There was initial optimism about the ability to learn while you sleep and research in 1958 by Dement and Edware Wolpert pointed to external stimuli being able to be interpreted by the mind and incorporated into the dreams of participants, with one subject being squirted with water reported a dream of a leaky roof after being awoken afterwards. Conduit & Coleman in 1998 found that between 10-50% of people report external stimuli being incorporated into their dreams.

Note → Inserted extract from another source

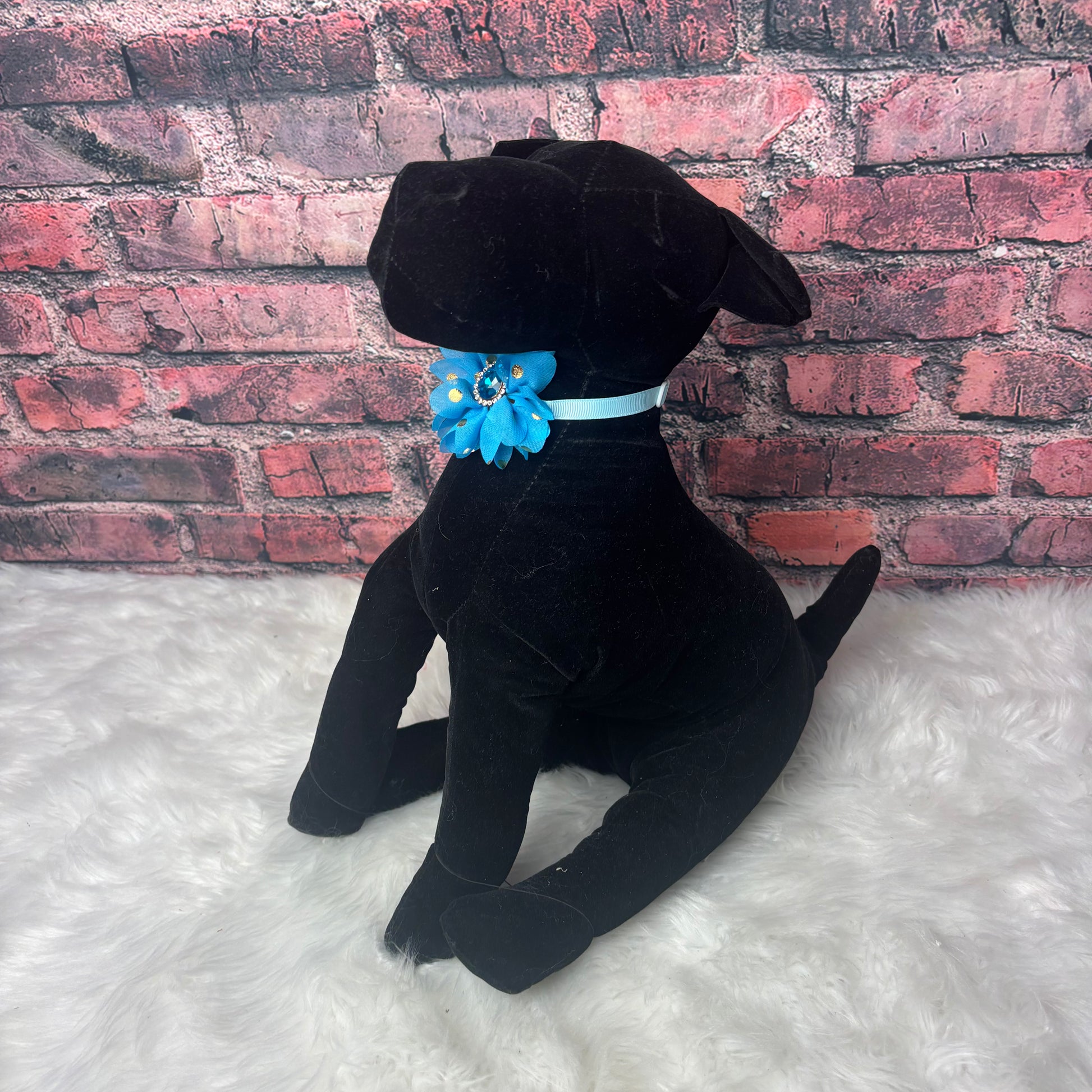 Upgrade your dog's grooming game with our stunning BLUE W/ GOLD DOTS RHINESTONE FLOWER NECKBAND! The adjustable band with clasp ensures a perfect fit, while the eye-catching blue and gold design will make your pup stand out. A must-have accessory for any dog grooming salon.

While incorporating external stimuli is almost seen as a lower state of function, actually educating the mind during sleep is another layer since the ability to desseminate information to later recall it requires greater mind function. A classic example of incorporating external stimuli within a dream would be where a sleeper hears their alarm in their dreams just before waking. A study by Charles W. Simon and William H. Simmons 1956 found that recalling material when awake was low unless alpha wave activity was observed, which also meant that the subject was going to awaken.

##Pavlov and his dogs

The ability to teach the body to respond to a stimulus can be found from Pavlov’s famous experiment involving dogs, a bell, a bowl of dog food and a lot of dog slobber. Pavlov conditioned the dogs to salivate if he conditioned them to associate a bell with being fed, thus if he rang the bell but didn’t feed them the dogs would still salivate. However this required a positive physiological response from the body which in Pavlov’s case was the food. However in 2012, Anat Arzi of the Weizmann Institute of Science in Israel used classical conditioning to teach fifty five participants to associate odors with sounds as they slept. Anat Arzi is quoted as saying “There will be clear limits on what we can learn in sleep, but I speculate that they will be beyond what we have demonstrated.”

##Directing Dreams

Luke Jerram, a digital artist, has worked on projects involving this ability to enhance and alter the dreams of participants in his installations - a notable installation being Dream Director which aims to raise questions about the rules of interaction and boundaries of science and art. The participants within the installation are allocated sleep pods, each one having specific sounds that are used to try to alter their dreams - during the day the public are invited to log their own dreams or view the logs of the participants dreams. While Jerram aimed to simply mold the dream around an external stimuli in the same fashion as Dement and Edware Wolpert in 1958, we would like to further push them into being able to recall the information that we pass to them during their sleep.